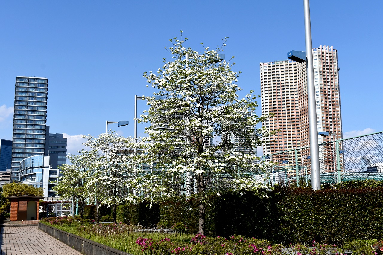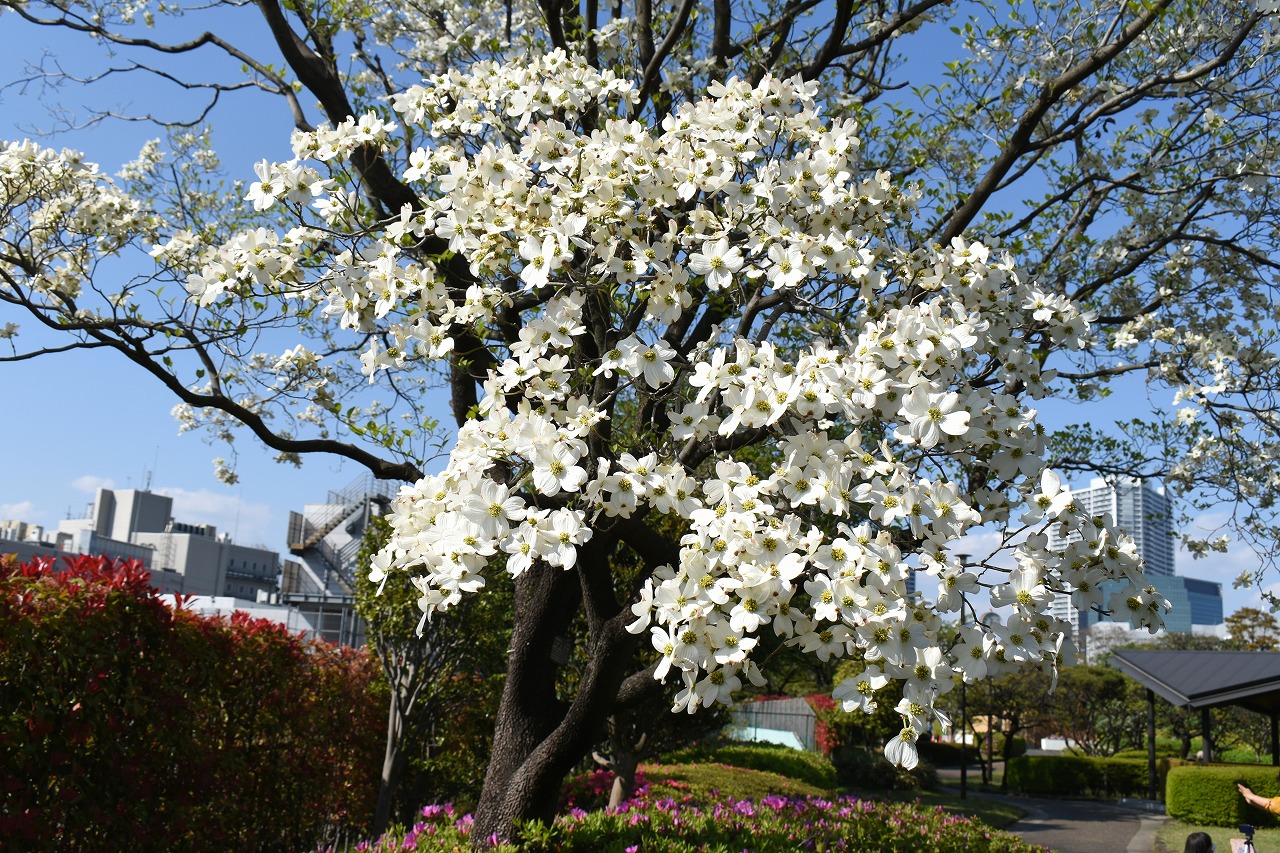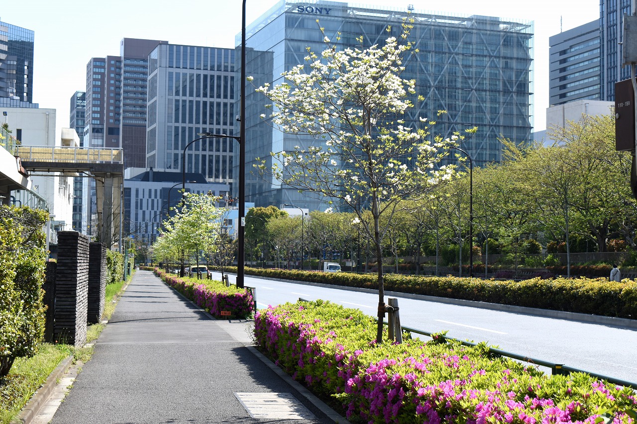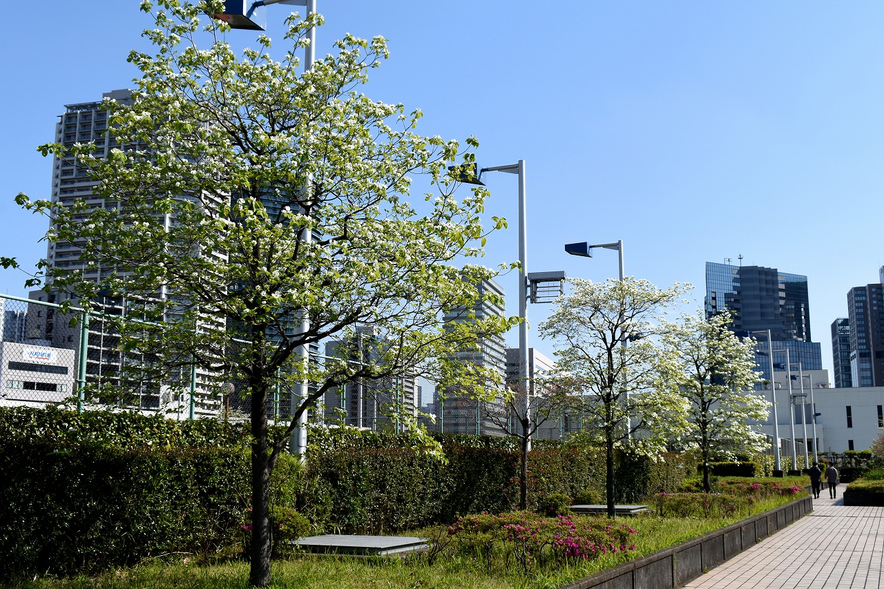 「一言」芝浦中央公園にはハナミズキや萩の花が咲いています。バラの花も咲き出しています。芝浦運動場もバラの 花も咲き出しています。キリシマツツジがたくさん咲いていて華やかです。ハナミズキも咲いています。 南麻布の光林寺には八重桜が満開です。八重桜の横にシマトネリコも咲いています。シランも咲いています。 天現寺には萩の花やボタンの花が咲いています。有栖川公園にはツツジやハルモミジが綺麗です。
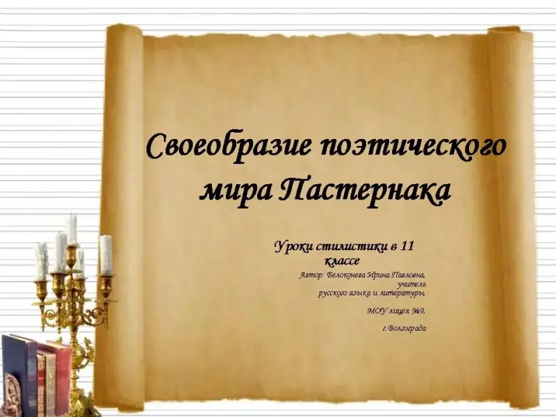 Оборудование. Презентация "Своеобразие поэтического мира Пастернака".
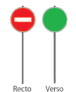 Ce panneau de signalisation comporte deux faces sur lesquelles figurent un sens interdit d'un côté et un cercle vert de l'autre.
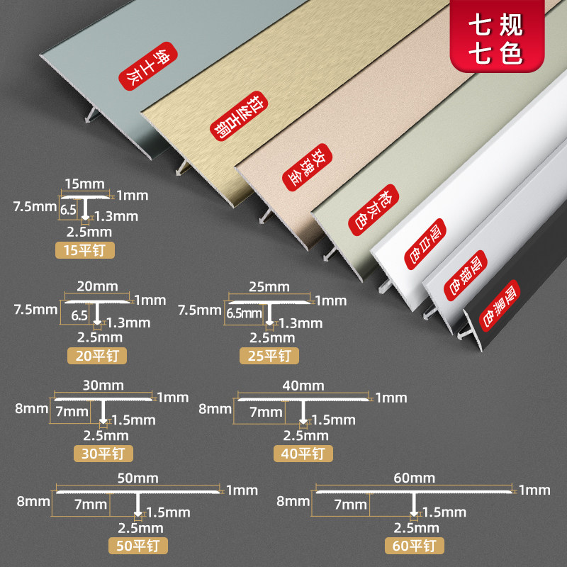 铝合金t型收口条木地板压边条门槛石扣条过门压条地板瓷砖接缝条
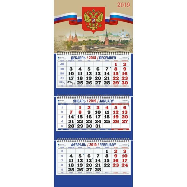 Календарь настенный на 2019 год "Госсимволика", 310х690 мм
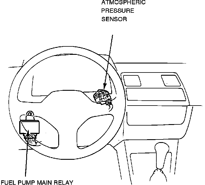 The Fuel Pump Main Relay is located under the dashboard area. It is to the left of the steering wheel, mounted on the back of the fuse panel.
----------------
### EXERCISE DIRECTIONS
Only the lines from the one containing "Календарь настенный на" through the final line of the records should be retyped, exactly, with every picture omitted.

### ANSWER SECTION
 Календарь настенный на 2019 год "Госсимволика", 310х690 мм
 The Fuel Pump Main Relay is located under the dashboard area. It is to the left of the steering wheel, mounted on the back of the fuse panel.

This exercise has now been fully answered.